** STUDY MATERIAL follows **

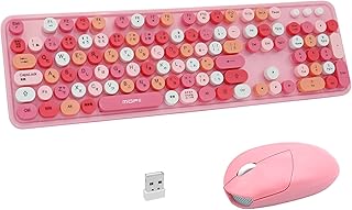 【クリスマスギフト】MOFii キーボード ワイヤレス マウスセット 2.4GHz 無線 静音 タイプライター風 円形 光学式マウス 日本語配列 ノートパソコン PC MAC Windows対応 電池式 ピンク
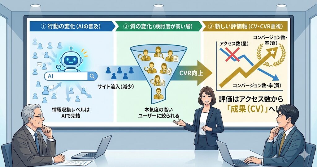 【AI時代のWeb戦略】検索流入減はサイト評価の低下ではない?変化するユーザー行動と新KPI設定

** End of STUDY MATERIAL **
** STUDY MATERIAL follows **

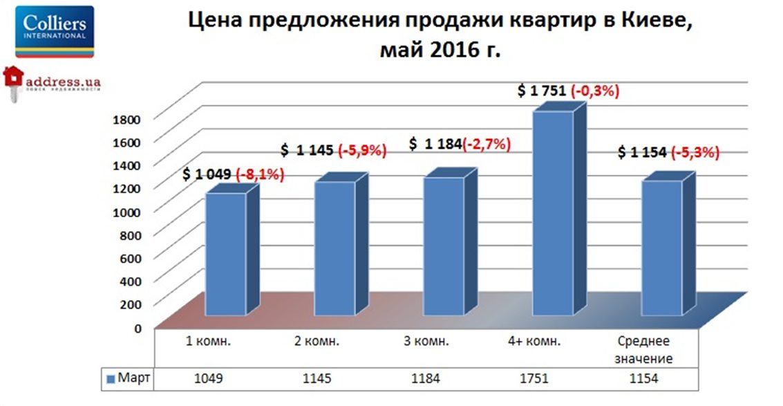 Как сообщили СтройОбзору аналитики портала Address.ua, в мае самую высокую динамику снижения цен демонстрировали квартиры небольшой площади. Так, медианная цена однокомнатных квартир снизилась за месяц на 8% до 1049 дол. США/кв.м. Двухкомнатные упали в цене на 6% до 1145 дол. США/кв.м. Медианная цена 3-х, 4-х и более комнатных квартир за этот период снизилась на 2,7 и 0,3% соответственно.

** End of STUDY MATERIAL **
** STUDY MATERIAL follows **

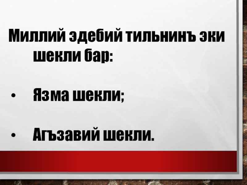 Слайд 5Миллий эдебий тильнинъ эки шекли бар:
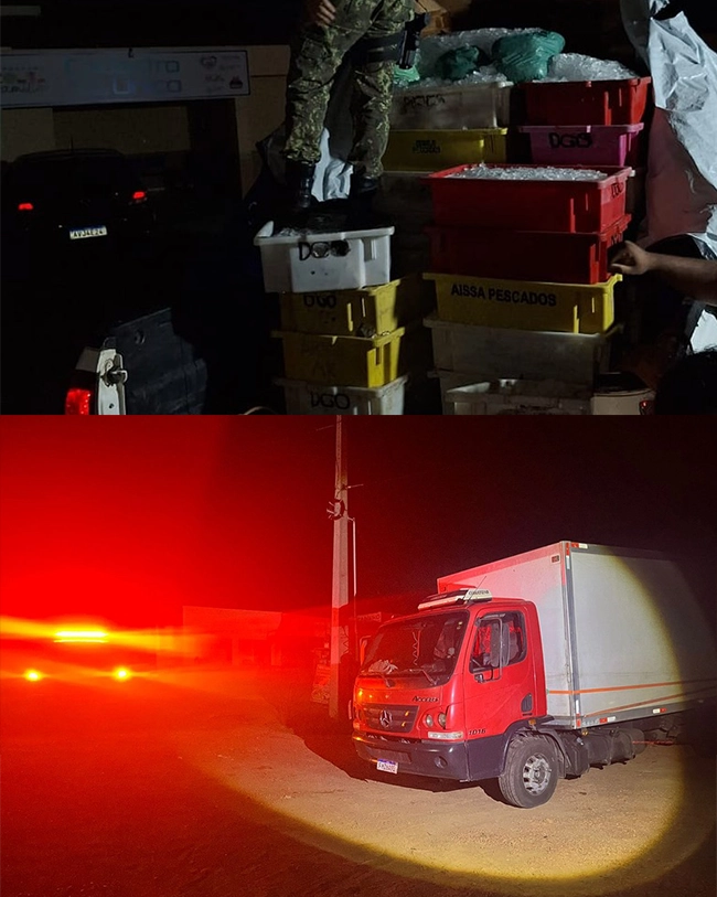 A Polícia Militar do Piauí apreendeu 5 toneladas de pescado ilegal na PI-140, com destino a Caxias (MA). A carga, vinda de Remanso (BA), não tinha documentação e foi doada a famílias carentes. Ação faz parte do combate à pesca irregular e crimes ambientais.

** End of STUDY MATERIAL **

** WORK REQUEST **
Every line above in the stretch from the one with "Слайд 5Миллий эдебий" through the one with "A Polícia Militar" is to be transcribed exactly, ends included. No picture is copied.

** SOLUTION TO THE EXERCISE **
 Слайд 5Миллий эдебий тильнинъ эки шекли бар:
 A Polícia Militar do Piauí apreendeu 5 toneladas de pescado ilegal na PI-140, com destino a Caxias (MA). A carga, vinda de Remanso (BA), não tinha documentação e foi doada a famílias carentes. Ação faz parte do combate à pesca irregular e crimes ambientais.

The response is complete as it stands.